→ Task instructions:
Retype, please, the listing from its opening line through the line that contains "授業中に生徒が先生に撮った写", both included, without the pictures.

→ Dataset extract:
++++++++++
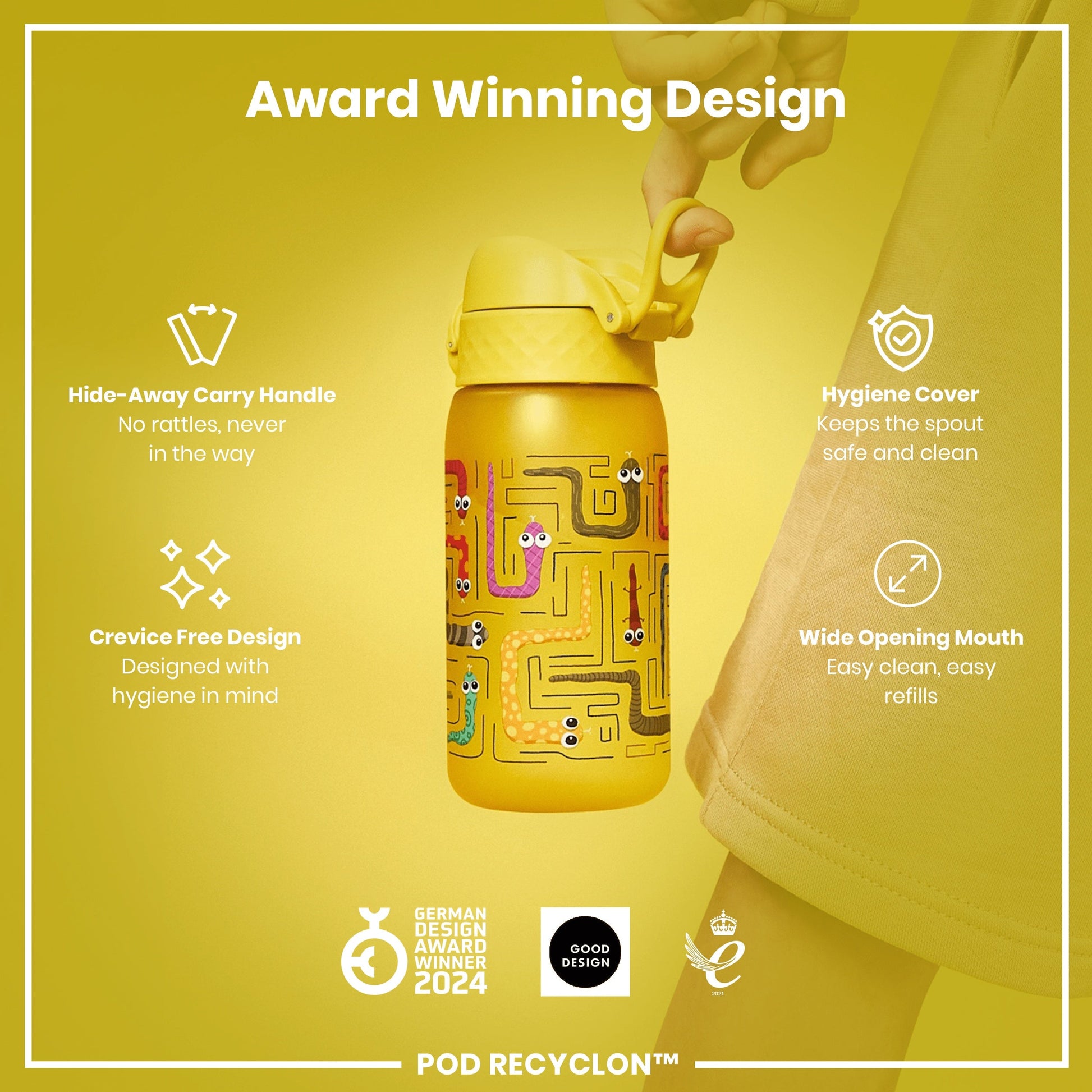 Leak Proof Kids Water Bottle, Recyclon, Snakes, 350ml (12oz)
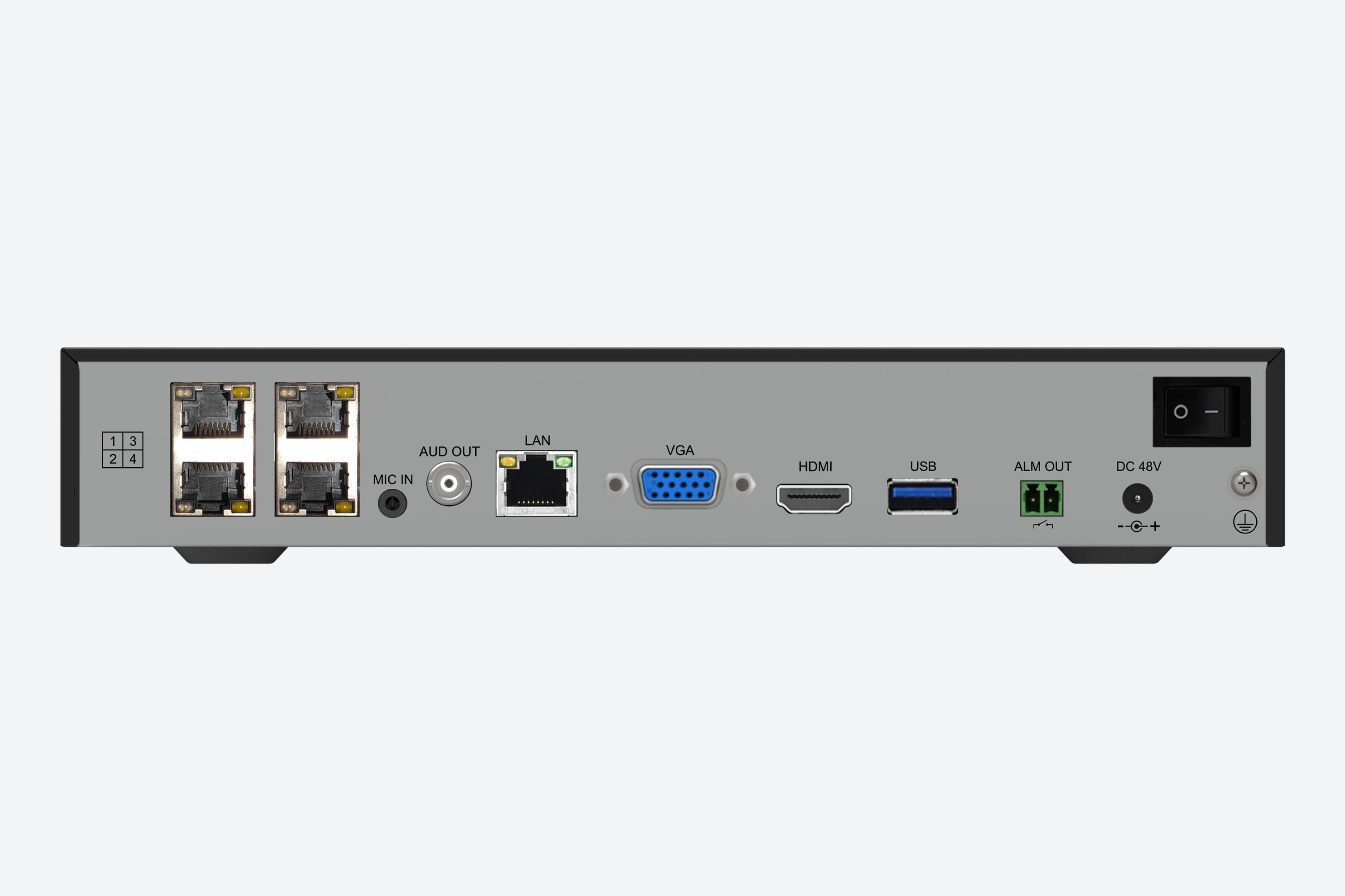 5-канальный NVR • Входящий/исходящий трафик: 60/40 Мбит/с • Сжатие: S+265, H.265, S+264, H.264 • Декодирование: 8Мп (30к/с)×1 или 1080р (30к/с)×5 • 4-канальный синхронный просмотр • HDD до 10 ТБ • HDMI + VGA • HDMI до 4K • 1×RJ-45 (10/100 Мбит/с) • 4×PoE (10/100 Мбит/с) • S+265 (экономия места до 75%) • Обновление через облако
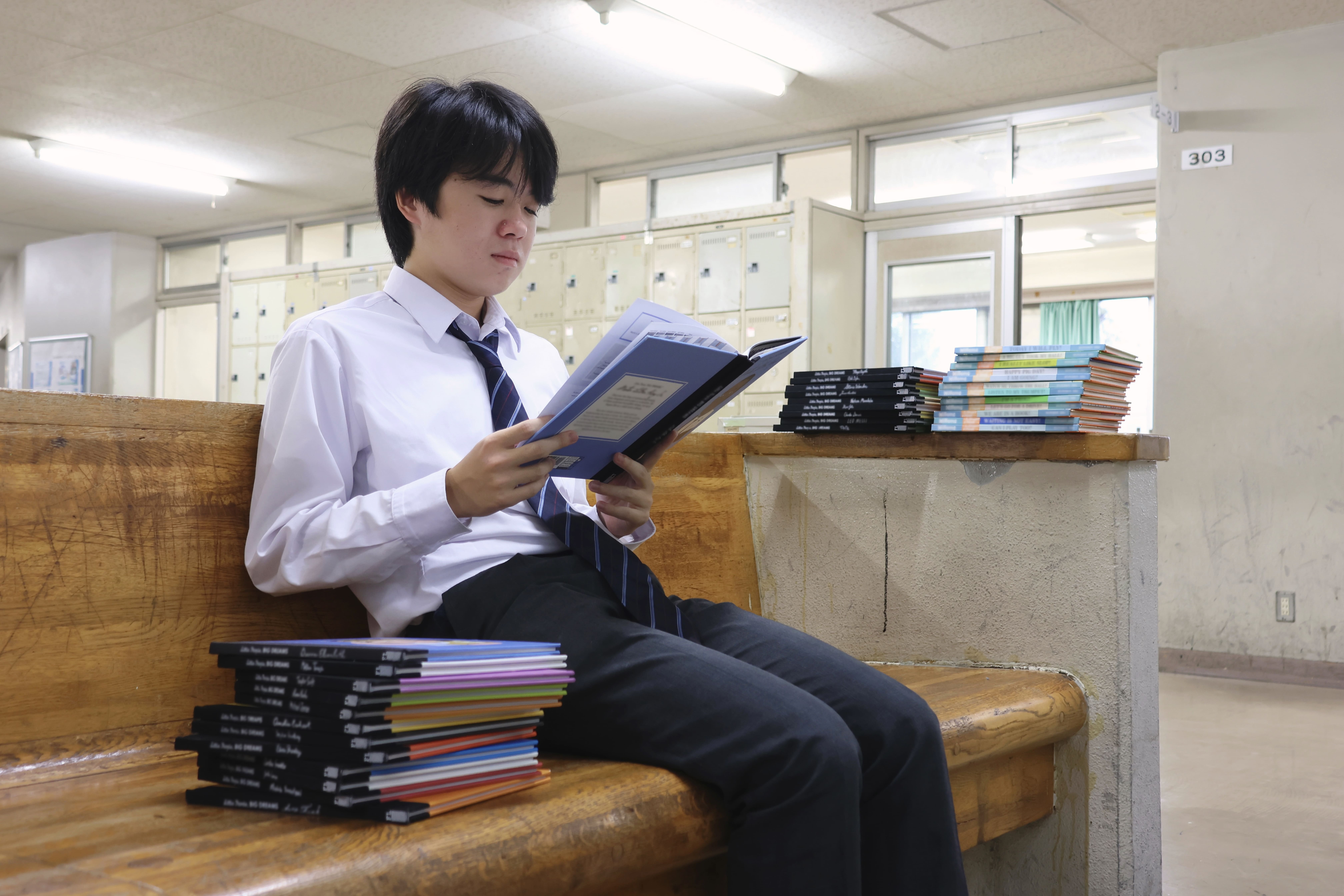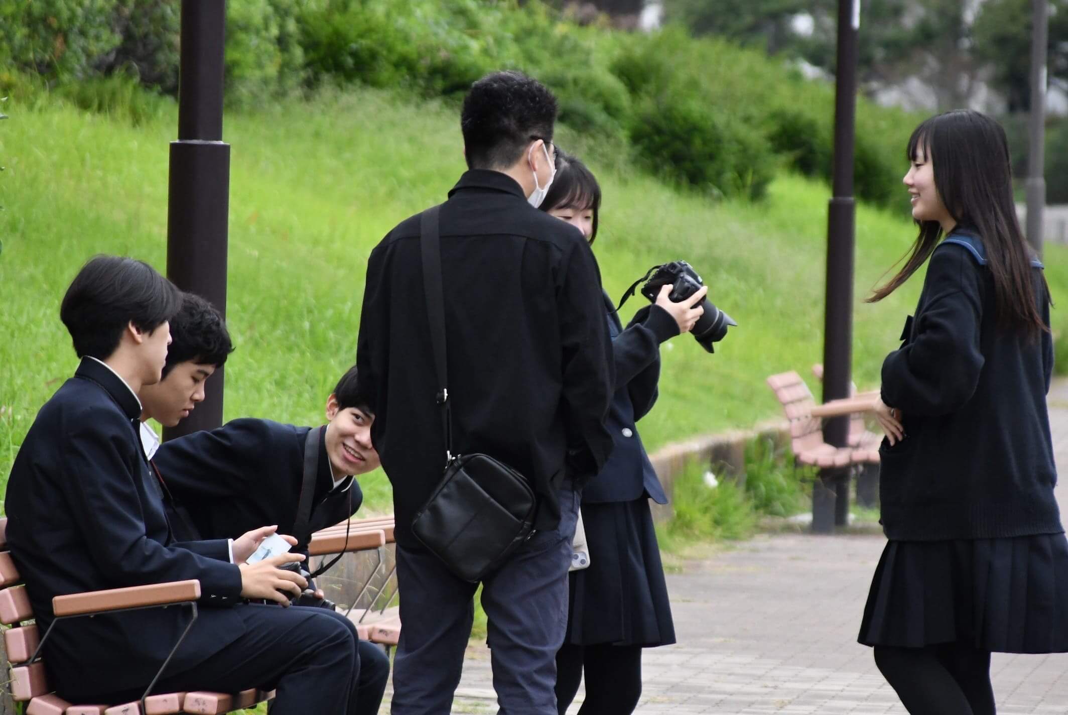 授業中に生徒が先生に撮った写真を見せていたりベンチで談笑していたりと違うことをしているけどなぜか一体感がある作品
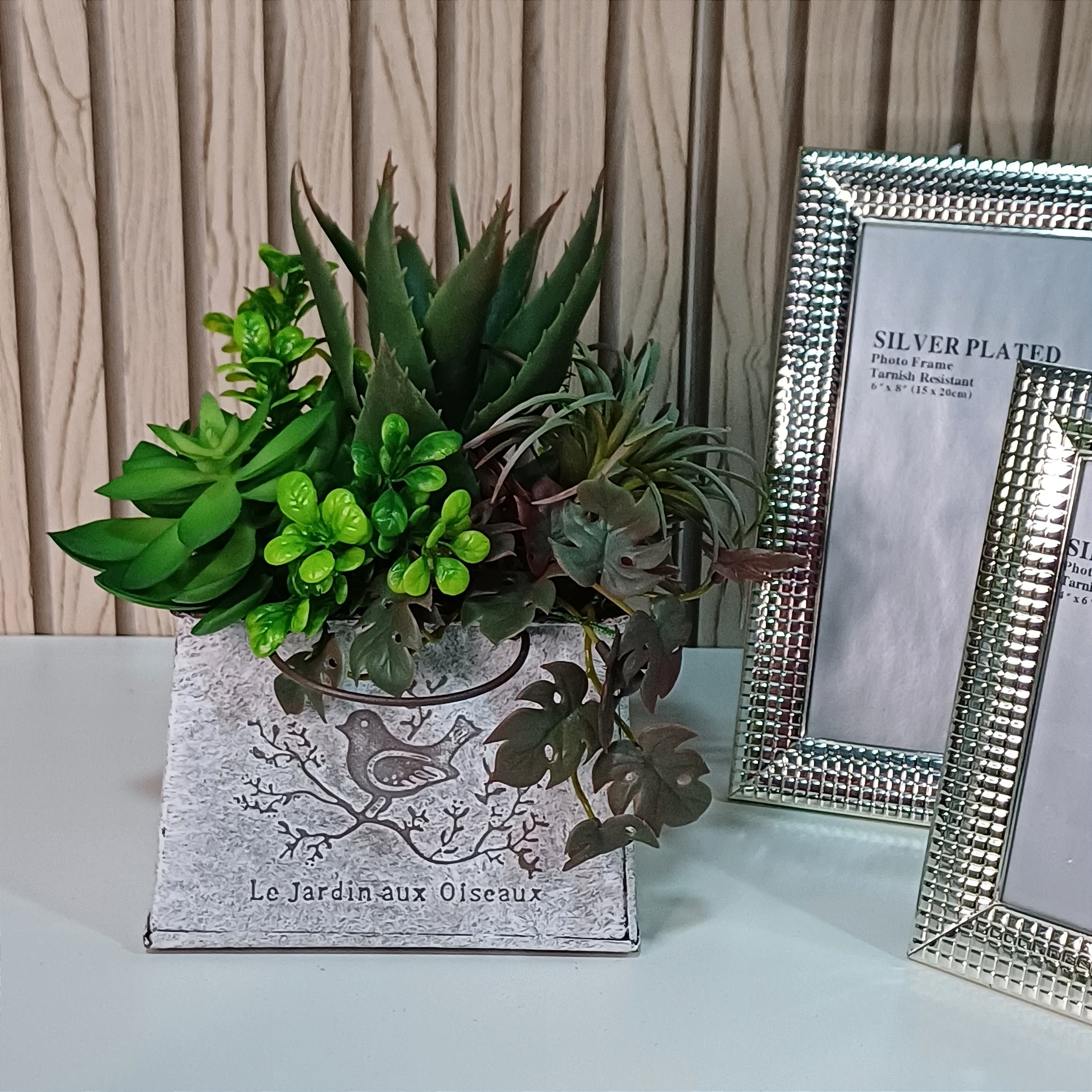 Este arranjo de suculentas artificiais montado em uma lata decorativa é a escolha perfeita para quem busca um toque de natureza e estilo moderno na decoração. Com folhagens realistas e uma base charmosa, traz frescor e beleza para qualquer ambiente.
++++++++++
→ Final answer:
 Leak Proof Kids Water Bottle, Recyclon, Snakes, 350ml (12oz)
 5-канальный NVR • Входящий/исходящий трафик: 60/40 Мбит/с • Сжатие: S+265, H.265, S+264, H.264 • Декодирование: 8Мп (30к/с)×1 или 1080р (30к/с)×5 • 4-канальный синхронный просмотр • HDD до 10 ТБ • HDMI + VGA • HDMI до 4K • 1×RJ-45 (10/100 Мбит/с) • 4×PoE (10/100 Мбит/с) • S+265 (экономия места до 75%) • Обновление через облако
 授業中に生徒が先生に撮った写真を見せていたりベンチで談笑していたりと違うことをしているけどなぜか一体感がある作品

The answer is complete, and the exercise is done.